2. Write a 1–2 sentence description of what customers are talking about.
3. Group the keywords into 3–5 sub-themes (for example: "shipping issues", "product quality", etc.), and list the keywords under each theme.
4. If you notice redundant or similar keywords, merge them or mention that they refer to the same idea.

Return your answer in a clear, readable Markdown format.
"""

prompt



We now apply the tool to get the result.

In [None]:
response = ai.generate_text(prompt)

In [None]:
response



Here's an analysis of the provided customer reviews:

### 1. Concise Topic Name
Dryer Vent Cleaning Kit Insights

### 2. Description
Customers generally find this dryer vent cleaning kit effective for removing lint and obstructions, but they emphasize the importance of following instructions carefully due to operational risks such as rods breaking or detaching.

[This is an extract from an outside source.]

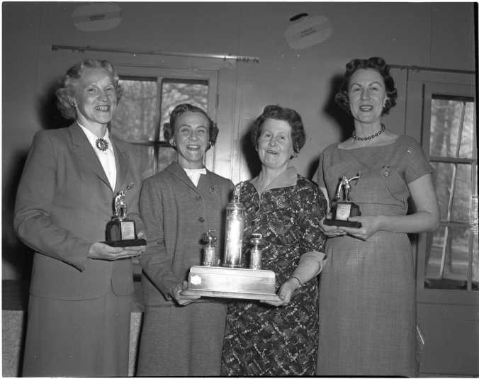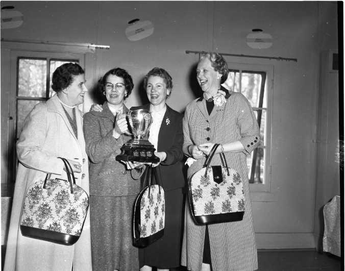 First schedule winners on the distaff side at the Midland Curling Club, are pictured here with the Men’s Club Trophy and handbags they won in the competition. From left to right are lead Margaret Johnston, skip Mrs. Charles Walton, vice-skip Mrs. James Tully and second Mrs. Ken Ellis.

They also note that while effective, the setup can be inconvenient for regular use, and express some reservations about the product's overall build quality.

### 3. Sub-themes and Keywords

**1. Effectiveness & Results**
*   Works great
*   Cleans out lint (removed significant amounts)
*   Removes obstructions (e.g., birds nest)
*   Achieved desired outcome / Project turned out well
*   Useful for lint catcher cleaning

**2. Usage & Experience**
*   Initial confusion / Confusing contraption
*   Directions / Instructions (read multiple times)
*   Lack of initial confidence / Felt scared
*   "Fun" to use (once understood)
*   Helpful DVD
*   Inconvenient setup (assembling/taping rods each time)
*   Benefit of keeping assembled (for convenience)

**3. Operational Risks & Warnings**
*   Requirement for careful operation / "Be careful"
*   Correct drill direction (crucial to avoid issues)
*   Risk of losing rods in vent
*   Brush head detaching/unscrewing (if drill is in reverse)
*   Rod breakage (due to excessive drill torque)
*   Importance of drill clutch setting (to prevent damage)

**4. Product Quality & Durability**
*   "Decent" build quality
*   Questioned toughness / Lack of confidence in long-term durability
*   Desire for "very well built" instead of just "decent"

### 4. Redundant/Similar Keywords
*   "Works great," "Does what it needs to," and "Project turned out really well" all convey the **Effectiveness** of the product.
*   "Confusing," "read directions 3 times," "not fully confident," and "scared me a little" relate to the **Initial Learning Curve** or **Ease of Understanding**.
*   "Warnings," "be careful," "drill into reverse," "brush head will detach/unscrew," "rods may break," and "lose rods" are all examples of **Operational Risks or Required Cautions**.
*   "Seems decent" and "would be more confident if it seemed very well built" both refer to the user's perception of the **Product's Construction Quality**.

Paste the content of `response` to a text cell better view the result.

You may apply the same analysis to the remaining clusters.